Tangled Truth(16)
“You said you weren’t in the lifestyle,” she whispered.
“I’m not. You already know I don’t have to do this to get off. But I sure as hell like it. And I like you. And you seem to like this. So why is it such a problem? Tell me.”
She shook her head, refusing to meet his eyes. “I’ve never told anybody about this.”
“Well,” he said, using a finger on her chin to gently coax her to face him again, “maybe it’s time you did.”
It was a long, tense moment of silence filled with muddy thoughts and doubts. Drew was on the verge of breaking it when Eva finally spoke, her voice coming out in a shaky little whisper as though she feared being overheard.
“Tonight. Let’s get through the rest of the shoot, and then I’ll tell you tonight.”
Chapter Six
She looked small and forlorn, sitting in the middle of his bed that evening, wrapped in a blanket and clutching a mug of hot chocolate laced with peppermint schnapps. Ready to tell her tale, but not happy to do so.
They had wrapped up the photo shoot earlier than usual, never having hit that magical workflow Danny and Sheila so often achieved. Eva had been withdrawn, thoughtful and compliant but not animated as they finished the day’s tasks. She hadn’t complained when Drew drove her to his apartment instead of hers, or when he settled her in the bed like the fragile invalid she suddenly seemed.
Drew perched near the foot of the bed, hoping like hell he had done the right thing in pressuring her to talk about it. She was pale, even more so than usual, and her face was expressionless as she started to speak.
“It’s not what you’re probably thinking. I wasn’t abused or anything. In fact, the more I think about it, the dumber it seems that it’s even an issue.”
“Why don’t you just tell me? And then if it seems dumb, we’ll take it from there.”
She sighed. “Okay. It started in high school. Or the summer after high school. I had been dating the same boy for almost two years. Andy,” she said, and a ghost of a smile whispered across her lips. “I think we both already knew we would go our separate ways once we got to college, but we were friends, we trusted each other. We had fun, and we were trying a lot of new things that summer, going a little crazy.
“So this particular time, he’d decided to try tying me to the bedposts. I was laughing at first, just going along with it. But once he had me all tied up and started to touch me, I realized I really couldn’t get away. And everything changed.” A shiver passed through her, but it didn’t look like one of cold. Her eyes drifted shut as her story grew more intense.
“Andy realized something was different too. I was so turned-on, and he barely had to touch me before I came. And even after that I was asking for more. Begging. We sixty-nined and I came again, which had never happened before. Andy started putting a condom on, but he was still kneeling up over my head. I still had my mouth on his— I was still sort of returning the favor…”
Surprised that she’d stopped her story in the middle of the action, Drew gave her a second before prompting her. “And then?”
With a deep breath, Eva whispered, “And then my mother walked in.”
“Oh fuck.” The picture was all too sharp in Drew’s mind. The girl, naked and flushed from her recent debauchery, tied in an X. The boy, his skinny haunches straddling her head, his freshly sheathed cock straining upward while she nuzzled his balls from beneath. There would be no possible way to explain that away. No way to claim it wasn’t exactly what it looked like.

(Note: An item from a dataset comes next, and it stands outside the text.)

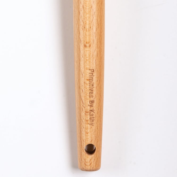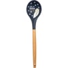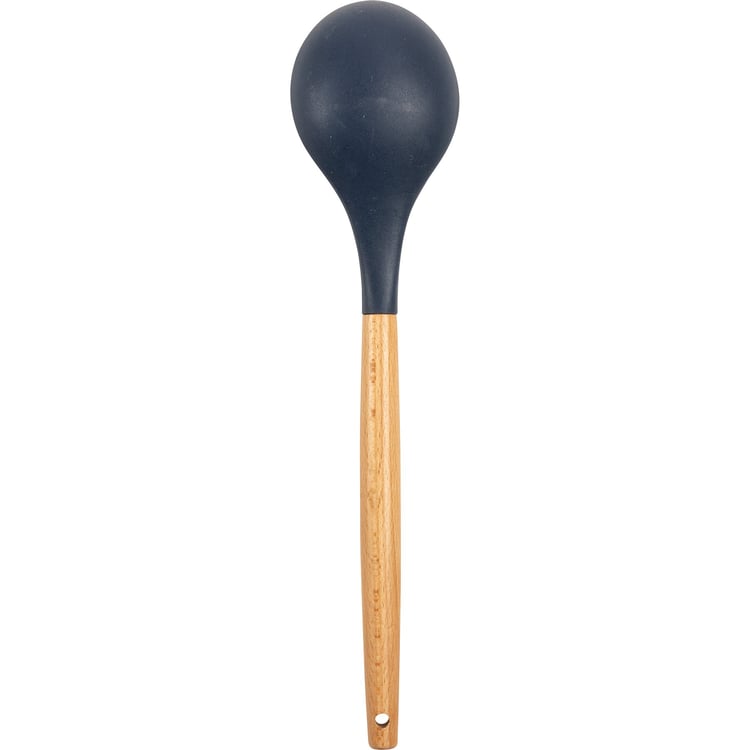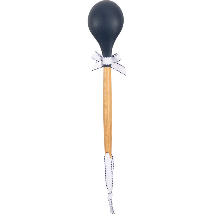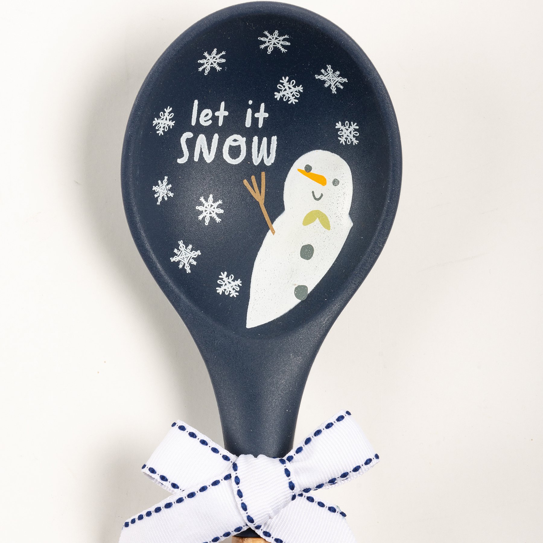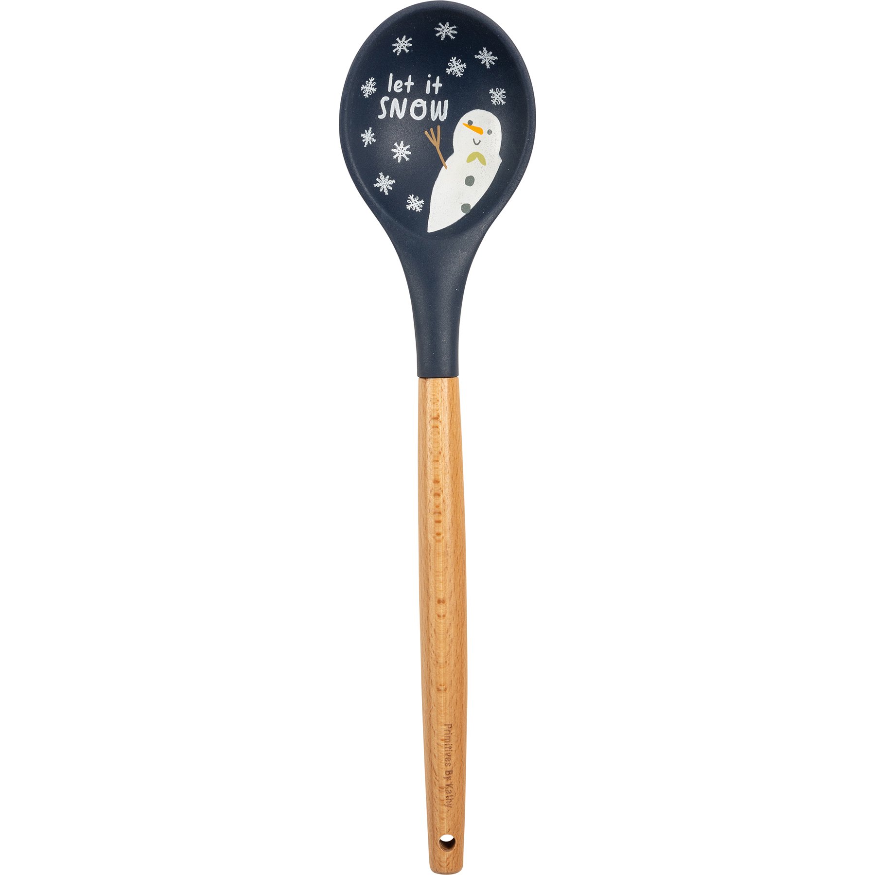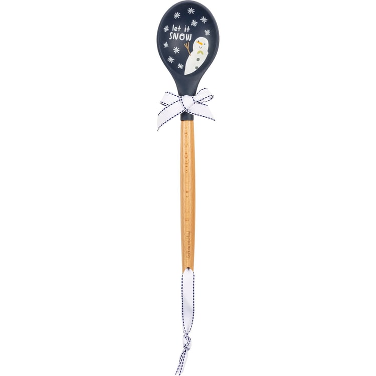 A silicone mixing spoon with a wooden handle. Features "Let It Snow" sentiment with snowman and snowflake designs and an all-over blue color palette. Our Let It Snow mixing spoon features a logo engraved into wooden handle and a decorative bow and ribbon for hanging. Hand-wash recommended; not microwave safe.

“Yeah. ‘Oh fuck’ is right. She freaked out. Not only in the way you might think,” Eva explained, the memory of her mortification still marring her features. “I mean, she started screaming and hitting us both. Andy was trying to untie me and still protect me from her, and then she said…” Eva sniffled, and although she looked like she might cry at any moment, no tears fell. She looked too cold for tears; they would surely turn to ice before reaching her cheeks. “Then she said I was a sick pervert just like my father, and that’s why she’d kicked him out, and now I could get out too. And we were all going straight to hell.”
“Wow.” He thought he should probably say more but couldn’t think of anything appropriate to counter what he’d heard. “Wow.”
“Yeah, I always thought he’d had a drinking problem or something, and that’s why they’d split up. That’s what I’d been led to believe up to that point, anyway. Turns out, not so much.” Eva looked ill, but determined to finish. “I was coming here to college anyway, so Mom packed me off early. Actually, she had me on a plane the next day. She sent all my stuff after me later. I mean all my stuff, everything she had of mine. Baby clothes, pictures. Everything. That was it, as far as she was concerned.”